Un engagement à réduire d’un tiers les émissions de CO2 pour la construction des routes d’ici 2020.DR

La fédération nationale des travaux publics et le ministère du développement durable ont signé hier un accord qui engage les entreprises, particulièrement les constructeurs de route, à réduire d’un tiers leurs émissions de CO2 d’ici 2020, à recycler 100% des matériaux géologiques employés ou encore à couper de moitié leur consommation d’eau. Un bel effort pour des entreprises qui n’ont pas une bonne image environnementale dans l’opinion publique.

L’automobile n’a pas bonne presse dans le développement durable. Malgré la crise, les difficultés du secteur et l’ampleur des aides publiques, elle peine à inventer un modèle plus respectueux de l’environnement et des énergies fossiles. Les signaux d’alarme se multiplient, de la baisse des ventes de véhicules à la baisse de fréquentation des autoroutes. Celle-ci, chiffrée à 1,4 % en 2008, inquiètent d’autant plus les gestionnaires d’autoroute qu’elle ne s’explique pas, comme ils l’avaient d’abord pensé, par la hausse des carburants du début de l’année 2008, puisque la baisse a continué avec le retour de l’essence à un prix plus acceptable pour le portefeuille des automobilistes.


C’est cependant du côté de la construction des routes et autoroutes qu’un signal fort a été donné hier avec la signature d’un accord entre le ministère du développement durable et les entreprises de travaux publics.


Cet accord, qui engage les entreprises de terrassement et de construction routière, soit plus de la moitié des activités de travaux publics, stipule que ces dernières vont réduire de 33% leurs émissions de CO2 d’ici 2020. Soit 13% de plus que l’engagement pris au niveau européen pour l’ensemble des activités humaines. En outre, les entreprises vont réemployer ou valoriser 100% des matériaux géologiques naturels excavés sur les chantiers de terrassement ou encore réduire de 50% de la consommation d’eau sur les chantiers.

Procédés innovants et pression des commanditaires

La Fédération nationale des travaux publics, dont les adhérents revendiquaient un chiffre d’affaires de 43 milliards d’euros en 2007, n’est pas aussi étrangère qu’on pourrait le penser au développement durable. D’abord parce que les matériaux employés sont de plus en plus performants. Ensuite parce que les élus, commanditaires des travaux, sont de plus en plus exigeants. Un nouveau sondage de BVA, qui a interrogé 300 représentants de collectivités locales, apprend que 86% des sondés disent avoir intégré le développement durable dans leurs priorités, malgré le surcoût que celui-ci pourrait entraîner. Cela se remarque déjà dans les aménagements conduits par les collectivités, notamment dans la dépollution des sols.

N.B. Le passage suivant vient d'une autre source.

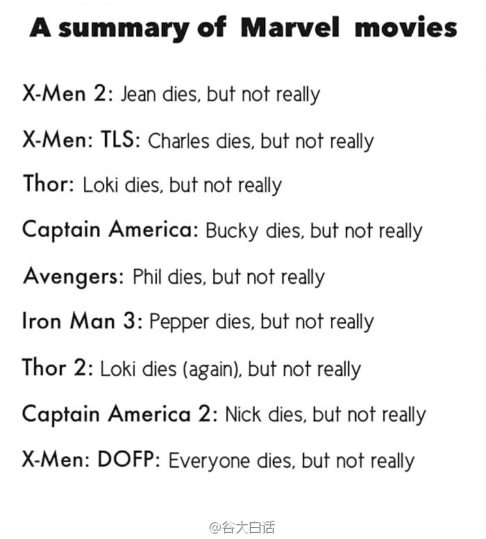 一句话概括所有漫威电影的剧情。[via 9GAG]服!
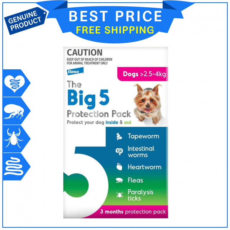 The Big 5 Protection pack includes Interceptor Spectrum chews and Credelio tablets. The bundle packs protect against a wide spectrum of external and internal parasites. This oral treatment controls heartworms, fleas, paralysis ticks, and intestinal worms including tapeworms in dogs. We offer the lowest market price and the quickest delivery.
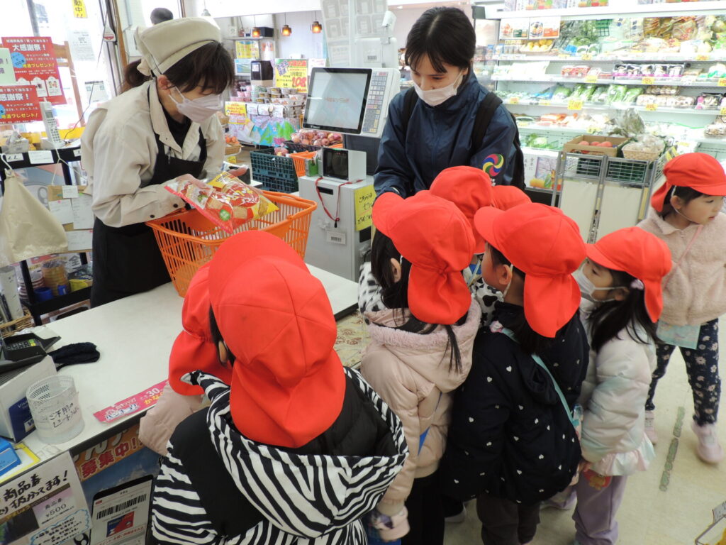 お別れ会準備の中での活動の1つでしたが、お買い物や会計の経験を通して、数への関心や社会の仕組みにも自然と触れることができました。また、お店の方やお客さん、街行く方々と言葉を交わすことで、地域の方との温かな関わりも生まれた嬉しい体験となりました💕
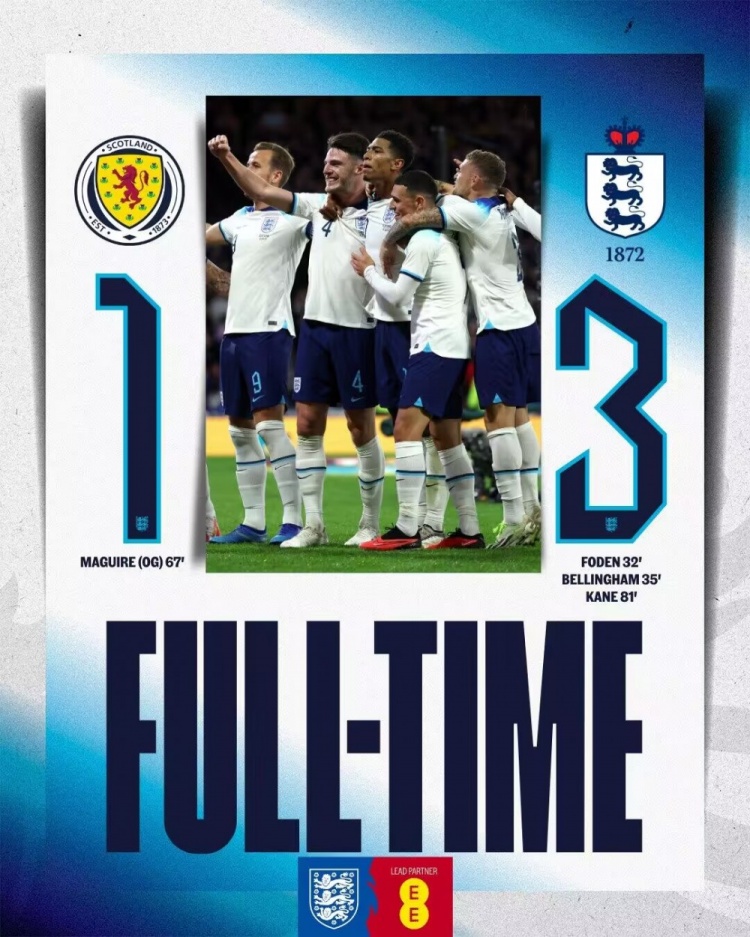 9月13日讯 北京时间9月13日02:45,国际友谊赛苏格兰对阵英格兰的比赛,上半场沃克助攻福登破门,贝林厄姆推射扩大比分,下半场马奎尔替补上场打进乌龙球,凯恩低射破门,最终英格兰3-1苏格兰。

Désormais, les routes et autoroutes vont donc se verdir, même si cela paraît antinomique aux défenseurs du tout transport public. Conscientes de l’image plutôt négative qu’elles ont en terme environnemental dans l’opinion publique, les entreprises de travaux publics qui travaillent dans le secteur routier ont donc tenté depuis des années d’être en pointe en matière d’innovation durable. On peut ainsi trouver sur le site de la Fédération nationale des travaux publics, une rubrique intitulée « Bonnes pratiques environnementales » qui décrit les procédés existants pour réduire l’impact écologique de construction de ce qui reste une voie grise à travers les paysages verts.